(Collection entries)
· · · · · · ·

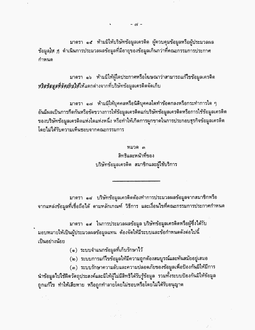 • ร่างพระราชบัญญัติการประกอบธุรกิจข้อมูลเครดิต พ.ศ....
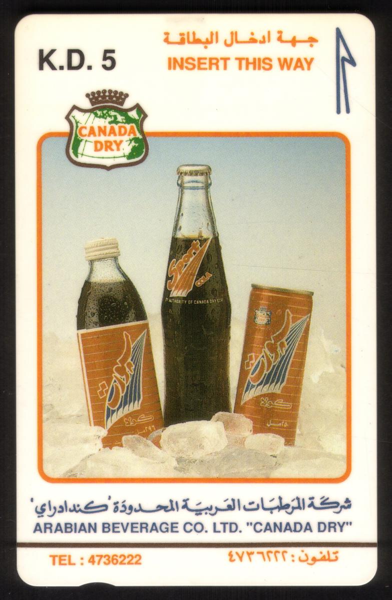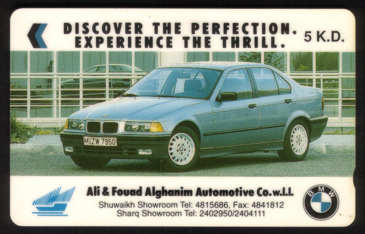 Several cards feature commercial advertisements. One card presents bottles and cans of "Canada Dry," branded with the Arabian Beverage Co. Ltd. logo and telephone contact information. Another card advertises BMW automobiles with a blue BMW car and the tagline "DISCOVER THE PERFECTION. EXPERIENCE THE THRILL." along with contact details for Ali & Fouad Alghanim Automotive Co. W.L.L.
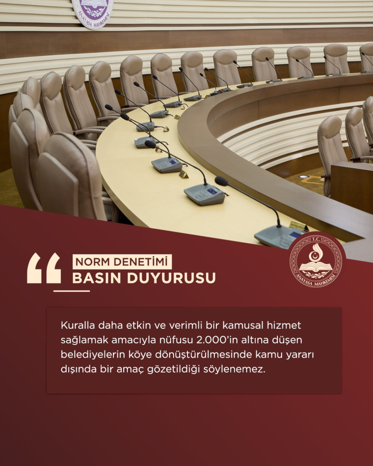 Mahkeme ise değerlendirmesinde, belediyelerin kurulması veya tüzel kişiliklerinin kaldırılmasının kanun ya da Cumhurbaşkanlığı kararnamesiyle yapılmasının anayasal bir zorunluluk olduğuna dikkat çekti. Bu kapsamda, nüfusu 2 binin altına düşen belediyelerin köye dönüştürülmesine ilişkin düzenlemenin Anayasa'ya aykırı bir yön taşımadığı belirtildi.
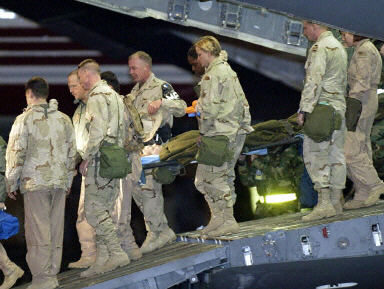 3日,图为19岁的美军女士兵杰西卡·林奇乘美军用运输机到达美军驻德国的拉姆斯汀基地。
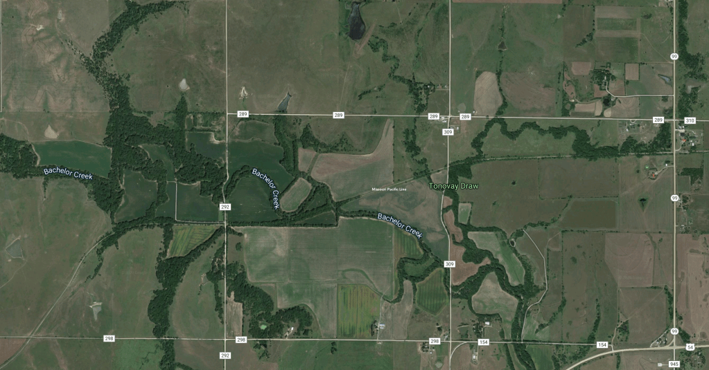 In the southern part of the township, the Missouri Pacific line travels east west. From the east, it travels through the town of Tonovay before it goes through the Crookham land to join the Atchison Topeka railroad into Eureka.
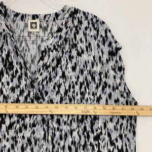 Anne Klein size XL Black Gray Abstract Sleeveless Stretch Knit Blouse Comfy
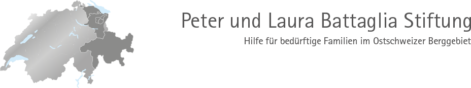 Die Peter und Laura Battaglia Stiftung mit Sitz in Wil SG, unterstützt bedürftige Familien im Berggebiet der Kantone Appenzell Ausserrhoden, Appenzell Innerrhoden, Graubünden, St. Gallen und Thurgau.
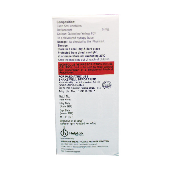 Each 5ml contains: Daflazacort 6mg Syrup (Mono).
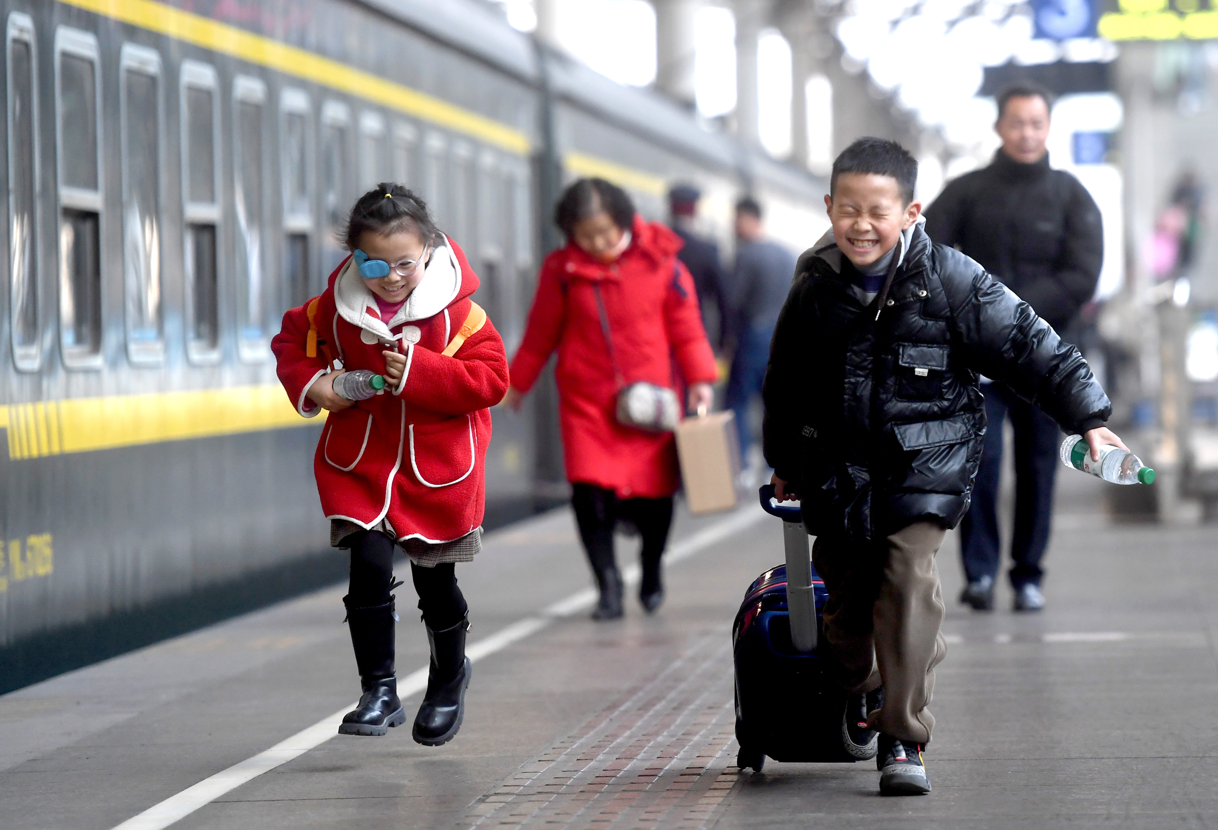 1月13日,两名旅客在南京火车站奔跑着赶乘列车。 新华日报·交汇点记者 郎从柳摄
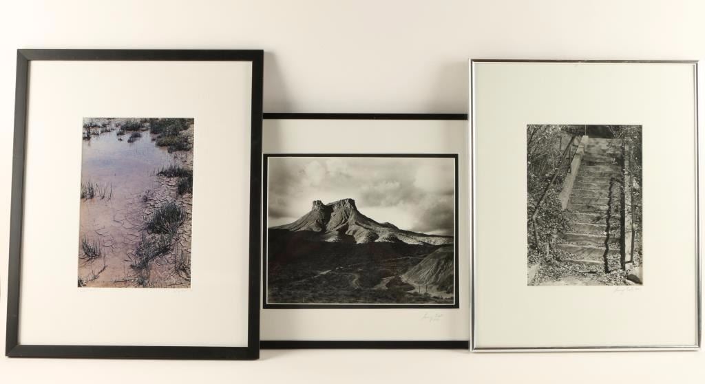 Including; "Idle Stairway" by Larry Tiede, signed on back and front, dated 2003 measures 11"x8", "Cracked Mud" by Sally Mack signed and dated on front, 12"x8", "Teapot Mountain" also by Larry Tiede, signed on front, 13"x10".
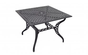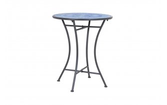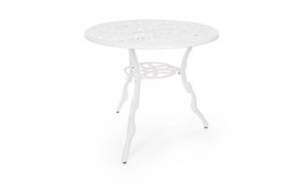 Stołek barowy bistro wykonany z aluminium. Zaokrąglona krawędĹş stołu.
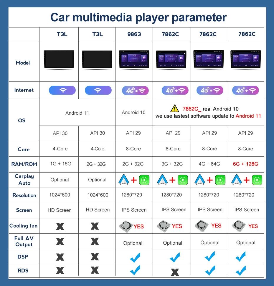7862 лучший чип на рынке в настоящее время, он работает быстрее, чем все другие типы. Балл ANTUTU составляет 181063, что лучше, чем PX6, 9853 , PX5, MTK и всех других типов 4 + 64G на рынке. По сравнению с другими типами радио, радио 7862 может загружать больше видов приложений Android с Android market, и приложение может работать лучше.
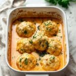 A white rectangular baking dish filled with six round dumplings, each light golden with a slightly rough texture, floating in a thick, creamy orange sauce that covers the base of the dish. The dumplings have a few dark green parsley flakes sprinkled on top, adding contrast. The edges of the baking dish show traces of the sauce baked onto the sides. The dish sits on a light beige cloth on a white marbled surface, with blurred green parsley leaves and a silver spoon in the background. photo taken with an iphone --ar 4:5 --v 7
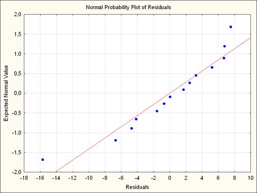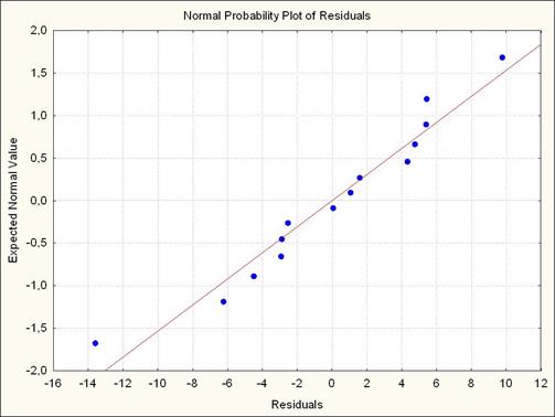 | Regression Summary for Dependent Variable: Y (Книга1) R= ,80564260 R?= ,64906000 Adjusted R?= ,54377801 F(3,10)=6,1650 p<,01211 Std.Error of estimate: 6,8332 |
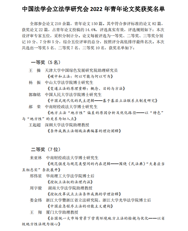 本次学术年会中,全部参会论文210余篇,青年论文150篇。其中符合参评标准的论文82篇,获奖论文22篇,占青年论文投稿的14.6%,评选真实有效,综合五位评审的总分,按照评分高低排序最终名次。本次共选出一等奖5名、二等奖7名、三等奖10名。
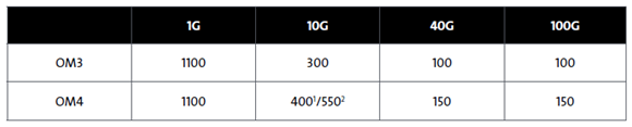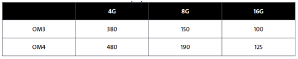 表2提供了OM3-和OM4-規(guī)定的以太網(wǎng)和光纖通道的距離。以太網(wǎng)每個(gè)距離假設(shè)1.5dB總連接器損耗除了OM440/100G的情況,光纖通道假設(shè)1.0dB總連接器的損耗。OM3和OM4完全有能力支持現(xiàn)有的和新興數(shù)據(jù)傳輸速率,因此物理層預(yù)期會(huì)有15-20年的使用壽命。
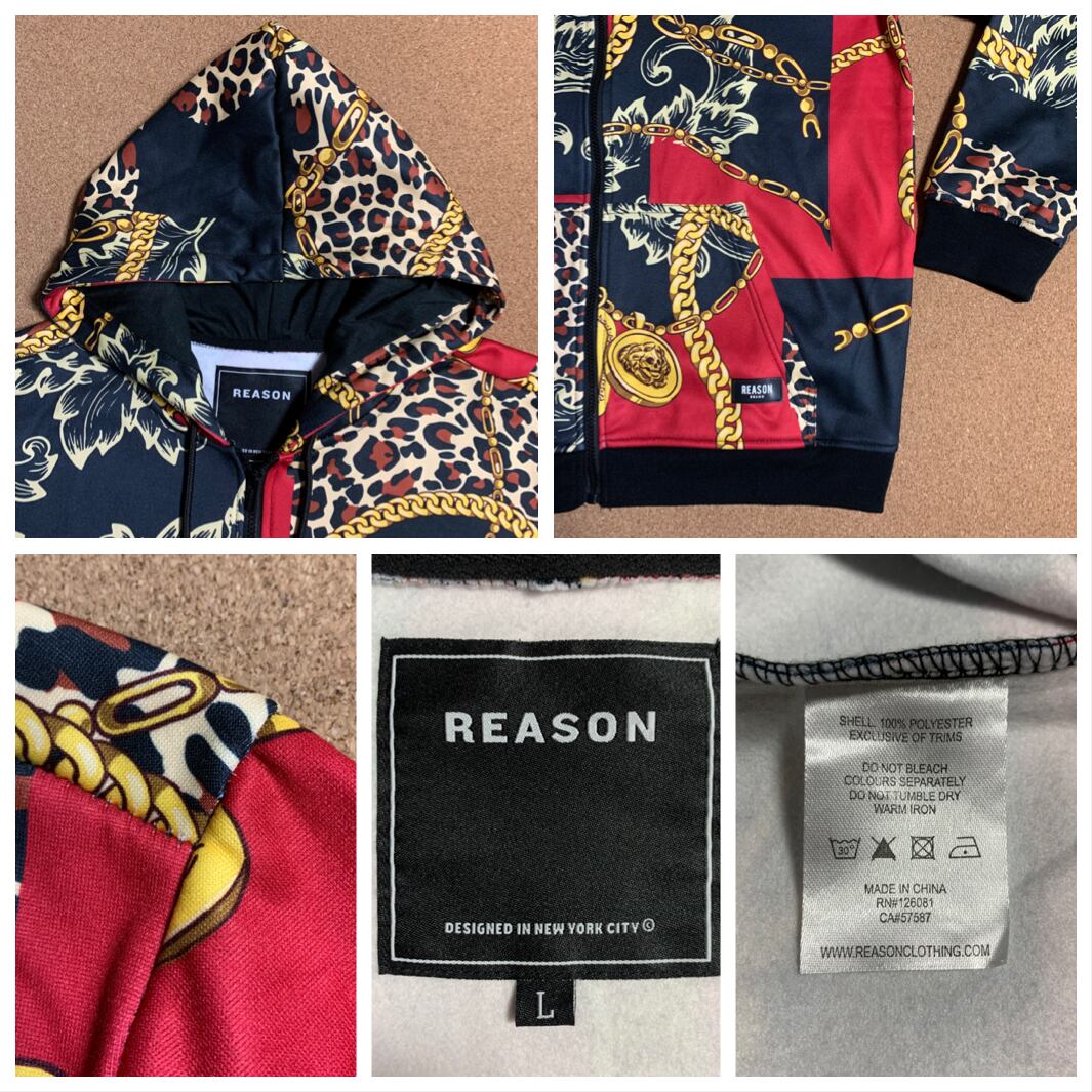 REASON リーズン 総柄 ジップアップ パーカー フーディ スカーフ柄 豹柄 ヒョウ柄 レオパード カンガルーポケット ストリート
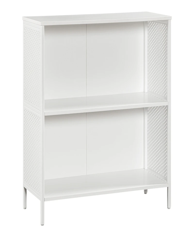 Solve your practical storage solution in style with our wood and metal storage bookshelf, the woodgrain finish and perforated metal sides give it a modern industrial style and that will elevate any room. Say goodbye to cluttered spaces and hello to organized living with our wood and metal storage bookshelf.
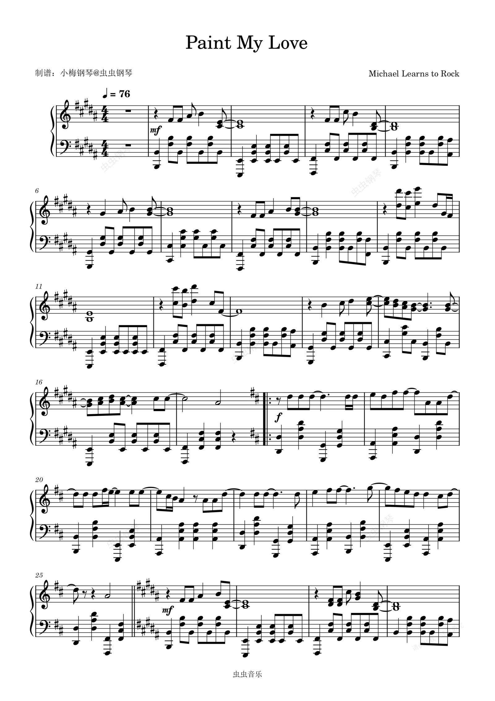 钢琴谱:Paint My Love - Michael Learns To Rock (迈克学摇滚)
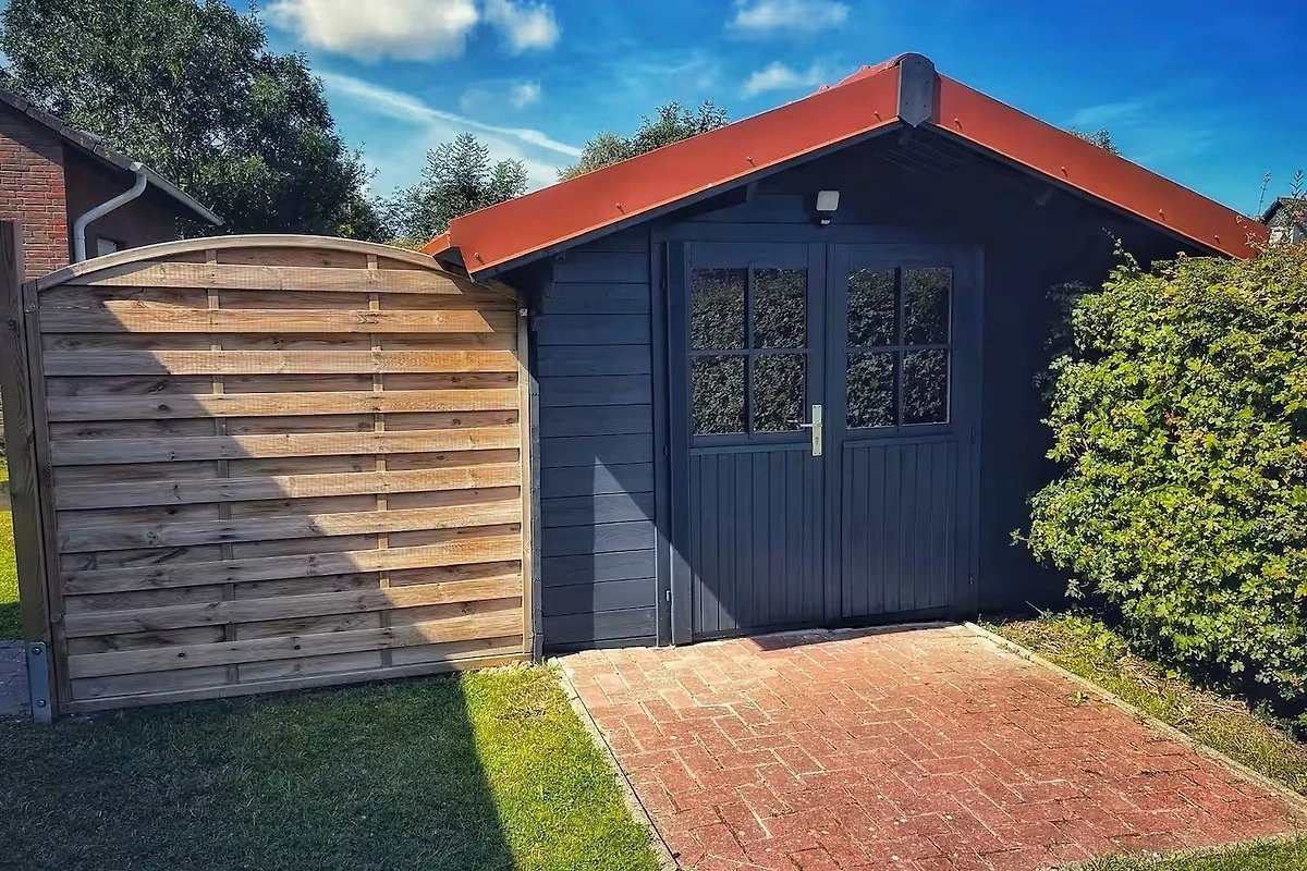 In unserem absperrbarem Gartenhaus, können Sie ihre E-Bikes gerne unterstellen und laden.
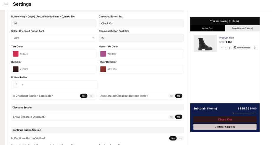 Cart Styling Settings
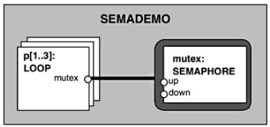 ||SEMADEMO = (p[1..3]:LOOP||{p[1..3]}::mutex:SEMAPHORE(1)).
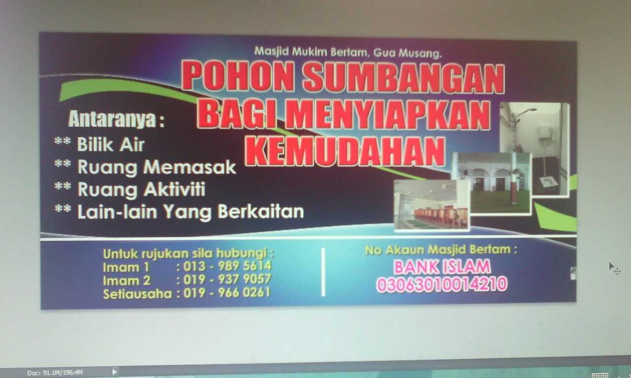 Pihak Masjid Mukim Bertam, Kg. Bertam Baru memohon sumbangan dari semua pihak dalam menyiapkan kemudahan di Masjid Mukim Bertam. Segala pertanyaan dan nombor akaun adalah seperti berikut:

· · · · · · ·

## TASK BRIEF:
What is needed is an exact repeat of every entry above, with the pictures left out.

## YOUR RESPONSE:
 • ร่างพระราชบัญญัติการประกอบธุรกิจข้อมูลเครดิต พ.ศ....
 Several cards feature commercial advertisements. One card presents bottles and cans of "Canada Dry," branded with the Arabian Beverage Co. Ltd. logo and telephone contact information. Another card advertises BMW automobiles with a blue BMW car and the tagline "DISCOVER THE PERFECTION. EXPERIENCE THE THRILL." along with contact details for Ali & Fouad Alghanim Automotive Co. W.L.L.
 Mahkeme ise değerlendirmesinde, belediyelerin kurulması veya tüzel kişiliklerinin kaldırılmasının kanun ya da Cumhurbaşkanlığı kararnamesiyle yapılmasının anayasal bir zorunluluk olduğuna dikkat çekti. Bu kapsamda, nüfusu 2 binin altına düşen belediyelerin köye dönüştürülmesine ilişkin düzenlemenin Anayasa'ya aykırı bir yön taşımadığı belirtildi.
 3日,图为19岁的美军女士兵杰西卡·林奇乘美军用运输机到达美军驻德国的拉姆斯汀基地。
 In the southern part of the township, the Missouri Pacific line travels east west. From the east, it travels through the town of Tonovay before it goes through the Crookham land to join the Atchison Topeka railroad into Eureka.
 Anne Klein size XL Black Gray Abstract Sleeveless Stretch Knit Blouse Comfy
 Die Peter und Laura Battaglia Stiftung mit Sitz in Wil SG, unterstützt bedürftige Familien im Berggebiet der Kantone Appenzell Ausserrhoden, Appenzell Innerrhoden, Graubünden, St. Gallen und Thurgau.
 Each 5ml contains: Daflazacort 6mg Syrup (Mono).
 1月13日,两名旅客在南京火车站奔跑着赶乘列车。 新华日报·交汇点记者 郎从柳摄
 Including; "Idle Stairway" by Larry Tiede, signed on back and front, dated 2003 measures 11"x8", "Cracked Mud" by Sally Mack signed and dated on front, 12"x8", "Teapot Mountain" also by Larry Tiede, signed on front, 13"x10".
 Stołek barowy bistro wykonany z aluminium. Zaokrąglona krawędĹş stołu.
7862 лучший чип на рынке в настоящее время, он работает быстрее, чем все другие типы. Балл ANTUTU составляет 181063, что лучше, чем PX6, 9853 , PX5, MTK и всех других типов 4 + 64G на рынке. По сравнению с другими типами радио, радио 7862 может загружать больше видов приложений Android с Android market, и приложение может работать лучше.
 A white rectangular baking dish filled with six round dumplings, each light golden with a slightly rough texture, floating in a thick, creamy orange sauce that covers the base of the dish. The dumplings have a few dark green parsley flakes sprinkled on top, adding contrast. The edges of the baking dish show traces of the sauce baked onto the sides. The dish sits on a light beige cloth on a white marbled surface, with blurred green parsley leaves and a silver spoon in the background. photo taken with an iphone --ar 4:5 --v 7
 | Regression Summary for Dependent Variable: Y (Книга1) R= ,80564260 R?= ,64906000 Adjusted R?= ,54377801 F(3,10)=6,1650 p<,01211 Std.Error of estimate: 6,8332 |
 本次学术年会中,全部参会论文210余篇,青年论文150篇。其中符合参评标准的论文82篇,获奖论文22篇,占青年论文投稿的14.6%,评选真实有效,综合五位评审的总分,按照评分高低排序最终名次。本次共选出一等奖5名、二等奖7名、三等奖10名。
 表2提供了OM3-和OM4-規(guī)定的以太網(wǎng)和光纖通道的距離。以太網(wǎng)每個(gè)距離假設(shè)1.5dB總連接器損耗除了OM440/100G的情況,光纖通道假設(shè)1.0dB總連接器的損耗。OM3和OM4完全有能力支持現(xiàn)有的和新興數(shù)據(jù)傳輸速率,因此物理層預(yù)期會(huì)有15-20年的使用壽命。
 REASON リーズン 総柄 ジップアップ パーカー フーディ スカーフ柄 豹柄 ヒョウ柄 レオパード カンガルーポケット ストリート
 Solve your practical storage solution in style with our wood and metal storage bookshelf, the woodgrain finish and perforated metal sides give it a modern industrial style and that will elevate any room. Say goodbye to cluttered spaces and hello to organized living with our wood and metal storage bookshelf.
 钢琴谱:Paint My Love - Michael Learns To Rock (迈克学摇滚)
 In unserem absperrbarem Gartenhaus, können Sie ihre E-Bikes gerne unterstellen und laden.
 Cart Styling Settings
 ||SEMADEMO = (p[1..3]:LOOP||{p[1..3]}::mutex:SEMAPHORE(1)).
 Pihak Masjid Mukim Bertam, Kg. Bertam Baru memohon sumbangan dari semua pihak dalam menyiapkan kemudahan di Masjid Mukim Bertam. Segala pertanyaan dan nombor akaun adalah seperti berikut:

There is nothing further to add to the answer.